- Data extract -

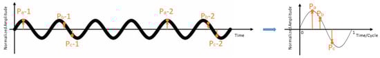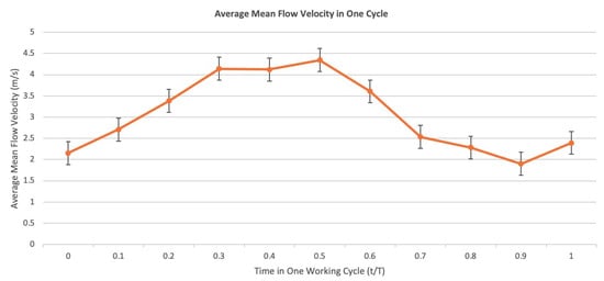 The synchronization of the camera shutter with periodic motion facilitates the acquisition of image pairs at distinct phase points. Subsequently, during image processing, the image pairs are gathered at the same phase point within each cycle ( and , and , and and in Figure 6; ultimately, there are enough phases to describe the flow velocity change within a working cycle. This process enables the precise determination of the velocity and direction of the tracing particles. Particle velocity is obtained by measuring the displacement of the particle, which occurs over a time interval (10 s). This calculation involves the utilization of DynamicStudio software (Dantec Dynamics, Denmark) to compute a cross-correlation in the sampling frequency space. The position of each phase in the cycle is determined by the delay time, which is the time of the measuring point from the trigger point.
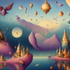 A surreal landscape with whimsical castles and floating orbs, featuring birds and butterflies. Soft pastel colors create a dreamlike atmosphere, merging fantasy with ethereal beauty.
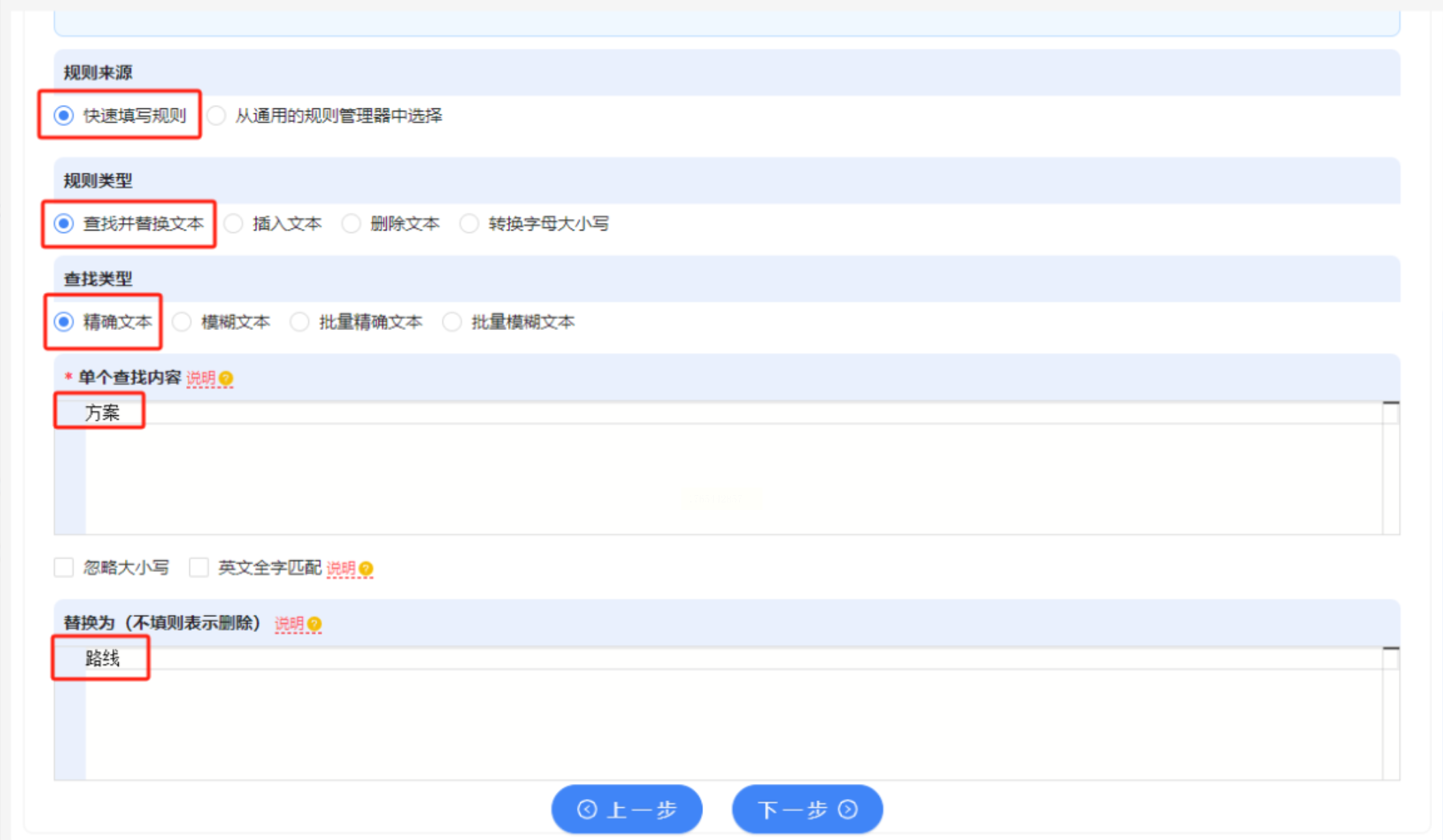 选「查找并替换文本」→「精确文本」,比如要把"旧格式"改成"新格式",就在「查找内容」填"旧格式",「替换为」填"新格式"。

- Action item -
Going from the line with "A surreal landscape" to the last line of the listing, write out each line exactly and nothing else. Leave out all pictures.

- Answer box -
 A surreal landscape with whimsical castles and floating orbs, featuring birds and butterflies. Soft pastel colors create a dreamlike atmosphere, merging fantasy with ethereal beauty.
 选「查找并替换文本」→「精确文本」,比如要把"旧格式"改成"新格式",就在「查找内容」填"旧格式",「替换为」填"新格式"。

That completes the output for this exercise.